START Information given

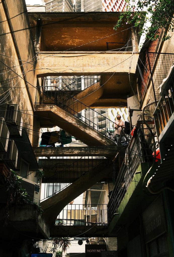 The Shift of Light Stepping from Ham Nghi Boulevard into the narrow entrance of the apartment, you experience a visual shock. From the blinding, brilliant light of the modern metropolis, everything suddenly turns dim. Cool. And damp. It isn’t a scary darkness. It is the light of memory. I call this the “Time Tunnel.” Walking through it, you leave 2026 behind.
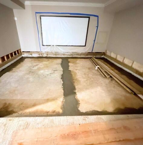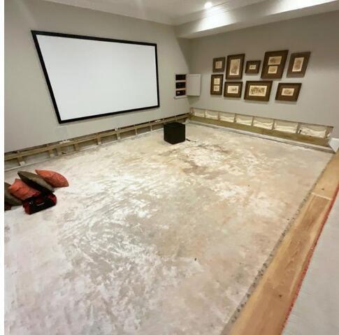 In Middleburg, VA, a homeowner was troubled by water intrusion under their basement movie theater, as you can see in the before photo. To address this, we installed our WaterGuard® system, which channels seepage into the TripleSafe™ sump pump, redirecting it effectively. Notice in the after photo how our discreet solution, nestled safely beneath the floor surface, ensures the basement remains dry and usable. Homeowners trust our non-clogging, reliable system for a worry-free, clean space. We're committed to solving challenging waterproofing issues without disrupting the aesthetics of the home.
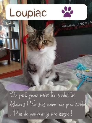 Hello, moi c'est Loupiac ! J'ai été sortie de fourrière grâce à Urgences Fourrières de Bretagne (UFB) qui m'a ensuite confié à l'association. J'ai 1 an et 2 mois. Je suis très très peureuse mais certaines personnes arrivent quand même à me caresser. Pour mon évolution j'aurais besoin d'un copain chat et/ou chien, et oui même si les humains me font un peu peur, les chiens j'aime bien ! Malgré ma peur, je ronronne et joue, mais comme tout chat qui se respecte, je suis une grande dormeuse. J'aime dormir sur le canapé avec un bon plaid ! J'aime également être près des humains et de mes congénères. Quand on a ma confiance, j'apprécie beaucoup les caresses mais pas être prise dans les bras. J'aurais aussi besoin d'une Famille calme sans enfants de moins de 15 ans. Quand je joue avec les mains ou les pieds des humains, j'ai la sale mani de mordiller mais sans agressivité ! Venez me rencontrer dans ma SUPER Famille d'Accueil à Saint-Jean-Brévelay (56). Formulaire de Pré Adoption : https://docs.google.com/forms/d/e/1FAIpQLSeO_7R3eIOTNdox-jdtJHhUttJ9VH_I3yX7LM086y9NS6fYtw/viewform?usp=sf_link
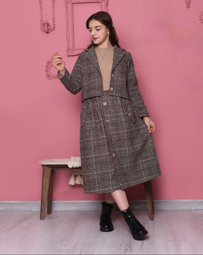 ست کت و سارافون دخترانه مخمل کبریتی دو تیکه
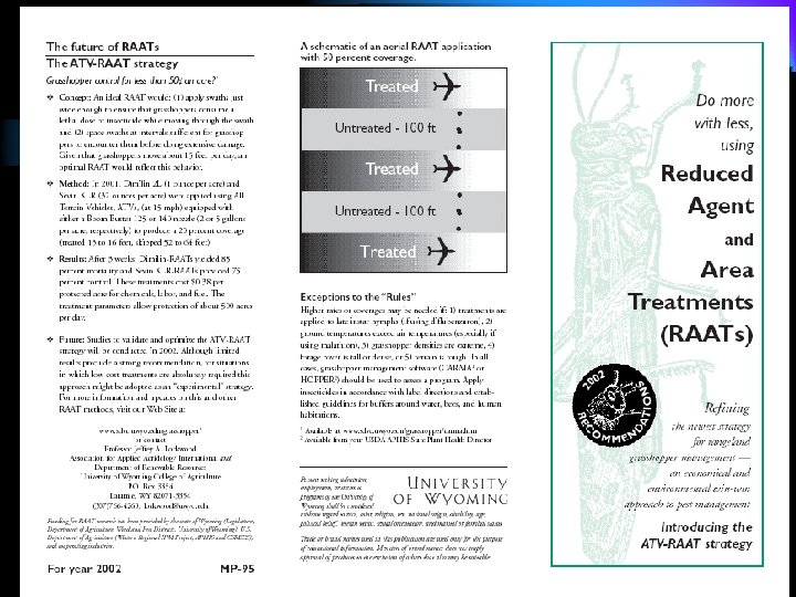 RAATS Concept l Reduced Area & Agent Treatment Acreage u Insecticide u l Hoppers killed directly in treated areas l Hoppers move into treated strips u 1 -3 miles/day l Less disruption of natural enemies
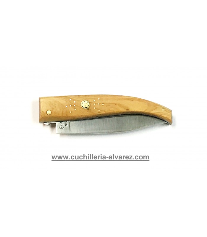 Navaja Exposito P/504-E con hoja de acero inoxidable sandvik 12c27 de 75 mm y empuñadura de madera de enebro con forros de acero y mosaico decorativo de laton.
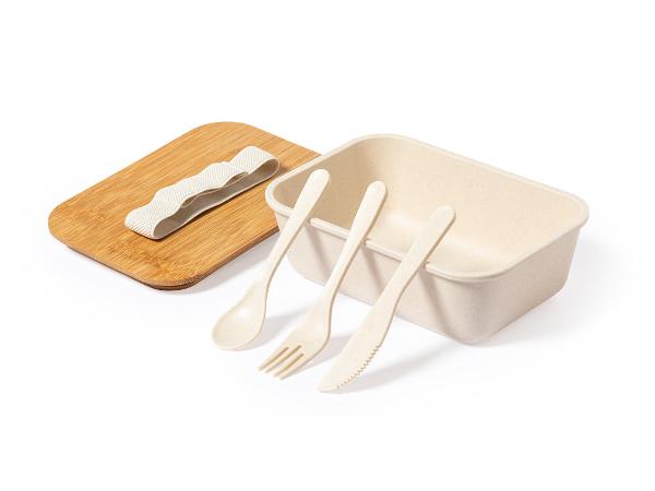 Boîte à lunch en PP grainé sans BPA, avec couvercle en bambou et capacité de 1l. Fermeture par sangle de sécurité élastique, avec compartiments pour fourchette, cuillère et couteau (inclus).

END Information given

About this task -> An exact restatement of every record is required. Omit the images.

Answer for this exercise ->
 The Shift of Light Stepping from Ham Nghi Boulevard into the narrow entrance of the apartment, you experience a visual shock. From the blinding, brilliant light of the modern metropolis, everything suddenly turns dim. Cool. And damp. It isn’t a scary darkness. It is the light of memory. I call this the “Time Tunnel.” Walking through it, you leave 2026 behind.
 In Middleburg, VA, a homeowner was troubled by water intrusion under their basement movie theater, as you can see in the before photo. To address this, we installed our WaterGuard® system, which channels seepage into the TripleSafe™ sump pump, redirecting it effectively. Notice in the after photo how our discreet solution, nestled safely beneath the floor surface, ensures the basement remains dry and usable. Homeowners trust our non-clogging, reliable system for a worry-free, clean space. We're committed to solving challenging waterproofing issues without disrupting the aesthetics of the home.
 Hello, moi c'est Loupiac ! J'ai été sortie de fourrière grâce à Urgences Fourrières de Bretagne (UFB) qui m'a ensuite confié à l'association. J'ai 1 an et 2 mois. Je suis très très peureuse mais certaines personnes arrivent quand même à me caresser. Pour mon évolution j'aurais besoin d'un copain chat et/ou chien, et oui même si les humains me font un peu peur, les chiens j'aime bien ! Malgré ma peur, je ronronne et joue, mais comme tout chat qui se respecte, je suis une grande dormeuse. J'aime dormir sur le canapé avec un bon plaid ! J'aime également être près des humains et de mes congénères. Quand on a ma confiance, j'apprécie beaucoup les caresses mais pas être prise dans les bras. J'aurais aussi besoin d'une Famille calme sans enfants de moins de 15 ans. Quand je joue avec les mains ou les pieds des humains, j'ai la sale mani de mordiller mais sans agressivité ! Venez me rencontrer dans ma SUPER Famille d'Accueil à Saint-Jean-Brévelay (56). Formulaire de Pré Adoption : https://docs.google.com/forms/d/e/1FAIpQLSeO_7R3eIOTNdox-jdtJHhUttJ9VH_I3yX7LM086y9NS6fYtw/viewform?usp=sf_link
 ست کت و سارافون دخترانه مخمل کبریتی دو تیکه
 RAATS Concept l Reduced Area & Agent Treatment Acreage u Insecticide u l Hoppers killed directly in treated areas l Hoppers move into treated strips u 1 -3 miles/day l Less disruption of natural enemies
 Navaja Exposito P/504-E con hoja de acero inoxidable sandvik 12c27 de 75 mm y empuñadura de madera de enebro con forros de acero y mosaico decorativo de laton.
 Boîte à lunch en PP grainé sans BPA, avec couvercle en bambou et capacité de 1l. Fermeture par sangle de sécurité élastique, avec compartiments pour fourchette, cuillère et couteau (inclus).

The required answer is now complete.